Application-specific information can be very useful to enable ad-hoc solutions, which dramatically decrease the cost of detection. Many techniques have been advocated. They include memory scrubbing [22] and ABFT techniques [6, 21, 30], such as coding for sparse-matrix vector multiplication kernels [30] and coupling a higher-order with a lower-order scheme for PDEs [5]. These methods can only detect an error but do not correct it. Self-stabilizing corrections after error detection in the conjugate gradient method are investigated by Sao and Vuduc [28]. Heroux and Hoemmen [19] design a fault-tolerant GMRES capable of converging despite silent errors. Bronevetsky and de Supinski [8] provide a comparative study of detection costs for iterative methods.

A nice instantiation of the checkpoint and verification mechanism that we study in this paper is provided by Chen [10], who deals with sparse iterative solvers. Consider a simple method such as the PCG, the Preconditioned Conjugate Gradient method: Chen’s approach performs a periodic verification every \(d\) iterations, and a periodic checkpoint every \(d \times c\) iterations, which is a particular case of the VC+V approach with equi-distance verifications. For PCG, the verification amounts to checking the orthogonality of two vectors and to recomputing and checking the residual. The cost of the verification is small in front of the cost of an iteration, especially when the preconditioner requires much more flops than a sparse matrix-vector product.

As already mentioned, our work is agnostic of the underlying error-detection technique and takes the cost of verification as an input parameter to the model.

2.3 Energy Model and Error Rate

Modern processors are equipped with dynamic voltage and frequency scaling (DVFS) capability. The total power consumption is the sum of the static/idle power and the dynamic power, which is proportional to the cube of the processing speed \(s \) [3, 32], i.e., \(P(s) = P_{idle} + \beta \cdot s ^3\), where \(\beta > 0\). A widely used reliability model assumes that radiation-induced transient faults (soft errors) follow a Poisson process with an average arrival rate \(\lambda \). The impact of DVFS on the error rate is, however, not completely clear.

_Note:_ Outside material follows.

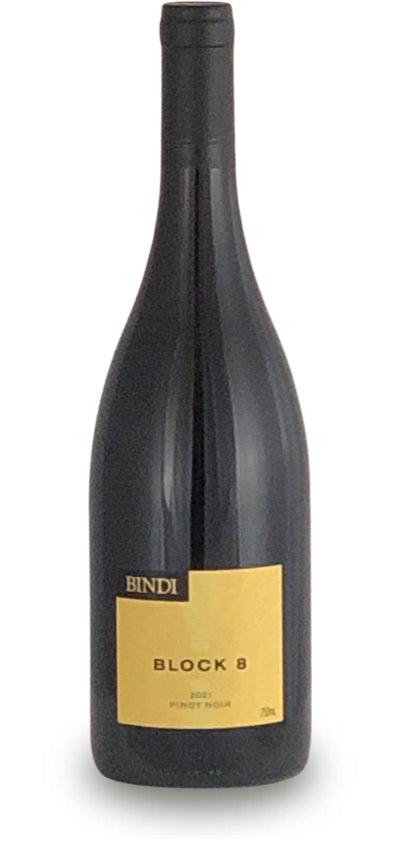 "The Block 8 vineyard is 3/4 of a hectare in size on a sheltered, north-west facing, and very quartz riddled site with some fertile volcanic soils. The eighth block planted at Bindi has a grandstand exposition sweeping down the mid slope. Here there are mostly 11,300 vines per hectare with a Crazy section at 22,600 vines per hectare featuring seven clones. The wines from this vineyard are compelling and delicious when young and as history has shown, going back to the 1992 Bindi Pinot Noir, the wines age exceptionally well from the beginning and drink beautifully for a long time.The wine spends 15-17 months in French barrels of which about 50% are new. The Block 8 wine has exceptional fruit depth and earthiness and is intensely structured, very long and ageworthy. Production typically varies from 125-200 dozen per vintage.

On the one hand, lowering the voltage/frequency is believed to have an adverse effect on the system reliability [13, 35]. In particular, many papers (e.g., [2, 12, 34, 35]) have assumed the following exponential error rate model: \(\lambda (s) = \lambda _0\cdot 10^{\frac{d(s _{\max }-s)}{s _{\max }-s _{\min }}}\), where \(\lambda _0\) denotes the average error rate at the maximum speed \(s _{\max }\), \(d > 0\) is a constant indicating the sensitivity of error rate to voltage/frequency scaling, and \(s _{\min }\) is the minimum speed. This model suggests that the error rate increases exponentially with decreased processing speed, which is a result of decreasing the voltage/frequency and hence lowering the circuit’s critical charge (i.e., the minimum charge required to cause an error in the circuit).

On the other hand, the failure rates of computing nodes have also been observed to increase with temperature [17, 20, 26, 29], which generally increases together with the processing speed (voltage/frequency). As a rule of thumb, Arrenhius’ equation when applied to microelectronic devices suggests that the error rate doubles for every \(10^\circ \)C increase in the temperature [17]. In general, the mean time between failure (MTBF) of a processor, which is the reciprocal of failure rate, can be expressed as [29]: \(MTBF = \frac{1}{\lambda } = A \cdot e^{-b\cdot T}\), where \(A\) and \(b\) are thermal constants, and \(T\) denotes the temperature of the processor. Under the reasonable assumption that higher operating voltage/frequency leads to higher temperature, this model suggests that the error rate increases with increased processing speed. Clearly, the two models above draw contradictory conclusions on the impact of DVFS on error rates. In practice, the impact of the first model may be more evident, as the temperature dependency in some systems has been observed to be linear (or even not exist) instead of being exponential [14]. Generally speaking, the processing speed should have a composite effect on the average error rate by taking both voltage level and temperature into account. In the experimental section of this paper (Sect. 5), we adopt a tradeoff model to include the impact of temperature.

3 Framework

In this section we introduce all model parameters. We start with a description of the application workflows. Then we present parameters related to energy consumption. Next we detail the resilient model to deal with fail-stop and silent errors. We conclude by presenting the various execution scenarios.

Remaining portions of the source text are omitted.